ABOUT THIS TASK:
Return all of the data verbatim, dropping any picture.

DATA SHOWN:
===============

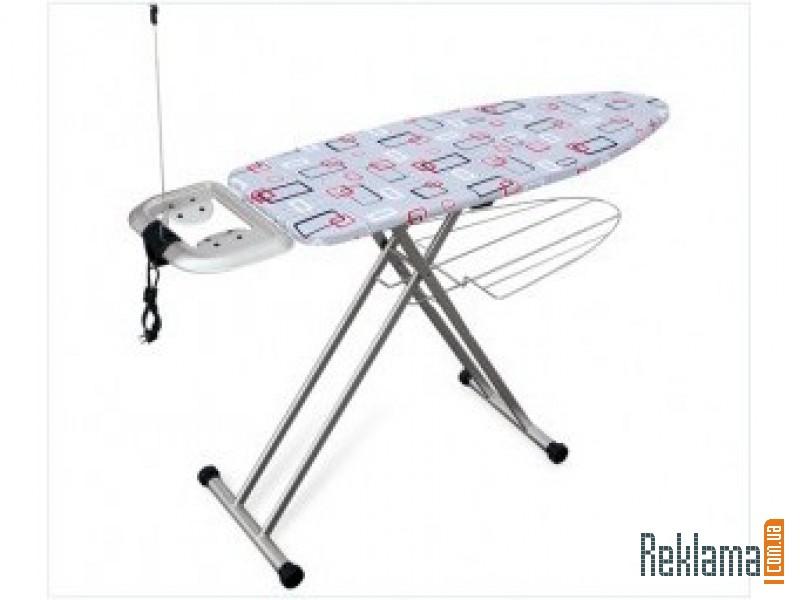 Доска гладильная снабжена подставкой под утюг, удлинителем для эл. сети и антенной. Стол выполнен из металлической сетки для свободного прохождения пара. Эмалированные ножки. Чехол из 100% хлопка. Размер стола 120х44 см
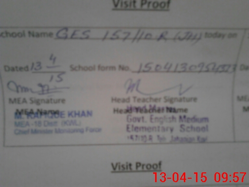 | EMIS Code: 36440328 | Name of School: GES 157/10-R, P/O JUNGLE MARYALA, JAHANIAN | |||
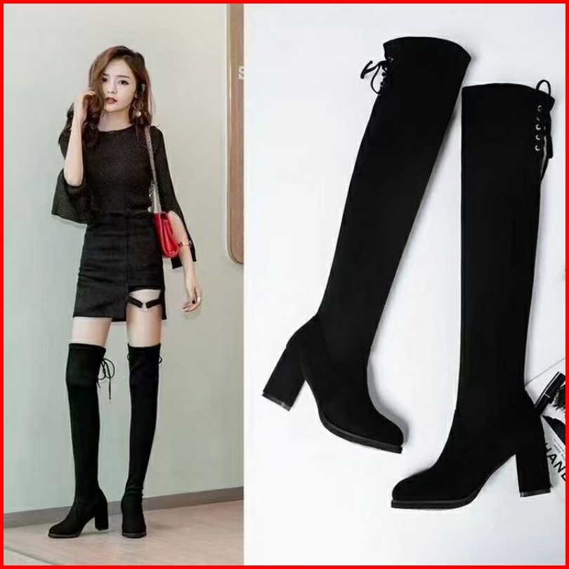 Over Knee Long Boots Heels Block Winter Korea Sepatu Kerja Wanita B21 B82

===============

ANSWER TO THE EXERCISE:
 Доска гладильная снабжена подставкой под утюг, удлинителем для эл. сети и антенной. Стол выполнен из металлической сетки для свободного прохождения пара. Эмалированные ножки. Чехол из 100% хлопка. Размер стола 120х44 см
 | EMIS Code: 36440328 | Name of School: GES 157/10-R, P/O JUNGLE MARYALA, JAHANIAN | |||
 Over Knee Long Boots Heels Block Winter Korea Sepatu Kerja Wanita B21 B82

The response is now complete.